The start of the trial was marked by a group of pro-lifers who demonstrated in the rain outside the College Park courthouse in downtown Toronto. Later inside, the courtroom was packed by pro-life supporters of the charged trio, with some people having to sit on the floor the first day of the trial, owing to a lack of seating.

The trial also drew an unusual degree of media coverage, with outlets including the CBC, Toronto's CITY-TV, the Cambridge Reporter, the Ottawa Citizen, and the Toronto Star sending reporters.

Although Culver will not appear in court, in a December letter to Campbell, he denied that he or anyone else from his office would order Toronto police to lay a particular charge in any situation. "The discretion to lay a charge rests solely with each individual police officer who finds that there are reasonable and probable grounds that an offence has been committed," Culver wrote. "The police, on occasion, consult with the Crown for legal advice as to whether a particular charge fits an appropriate situation.
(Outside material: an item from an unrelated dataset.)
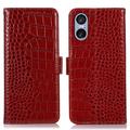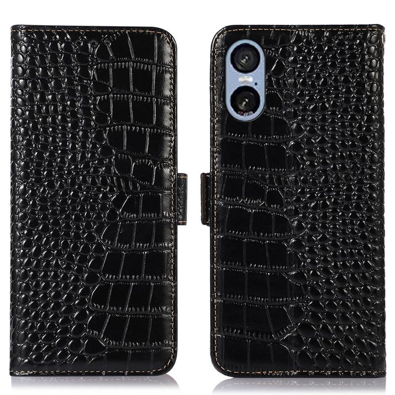- Caixa de couro da carteira da série Crocodile para Sony Xperia 5 VI
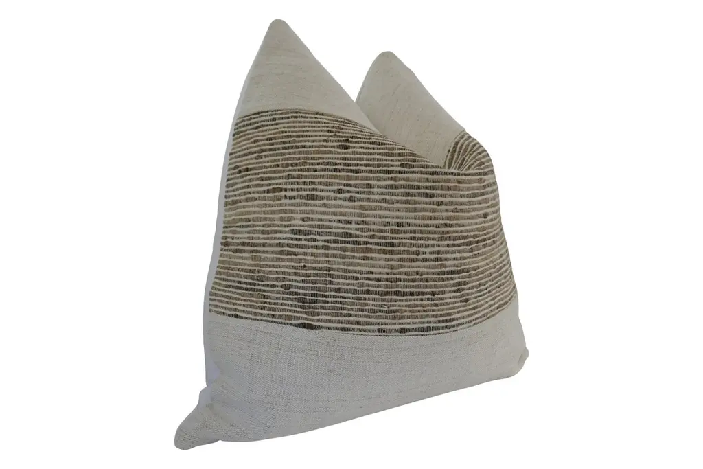 Fi Vintage French Hand-Spun Linen & Italian Rolled Silk Pillow / 24"x24"

I was not consulted in your situation."

Culver went on to opine that "obstruct a peace officer" was an appropriate charge in the matter of Gibbons, Campbell and Steden.

"Numerous other ... judges have ruled that ‘obstruct a peace officer' is an appropriate charge in this and similar situations."

That letter prompted Campbell to accuse Culver of playing "Bill Clinton-type word games" with the law.

"One must conclude that ... Mr. Culver is responsible for advising police not to charge us with ‘disobey' because we'd be able to challenge the constitutionality of the injunction before a judge and jury." He also alleged Culver was allowing a "political agenda" to conflict with his duties as an officer of what should be an impartial justice system.

"Apparently, there's obstruction or perversion of justice being perpetrated here for which ... Crown Paul Culver is responsible," Campbell added.

In previous, similar cases, judges have either dismissed charges against Campbell, or levied token fines while noting that hearings were taking place at an inappropriate court level.

In July 1998, Judge Milton Cadsby dismissed a charge of obstructing a peace officer against Campbell because of the lack of action on the part of the province in moving to make permanent the temporary injunction against pro-life activities outside certain abortuaries and abortionists' homes, which has been in effect since 1994.

In June 1997, Judge Charles Scullion pointed out that the appropriate court to hear such matters is the general division of provincial court, which issued the temporary injunction, and not the provincial division, in which the cases have been heard so far.

These previous developments set the stage for the current situation, which offers greater hope than ever that pro-life activists can make inroads on a legal circumstance that stifles any chance they have of saving unborn babies' lives at the most crucial of places - the doorsteps of abortuaries.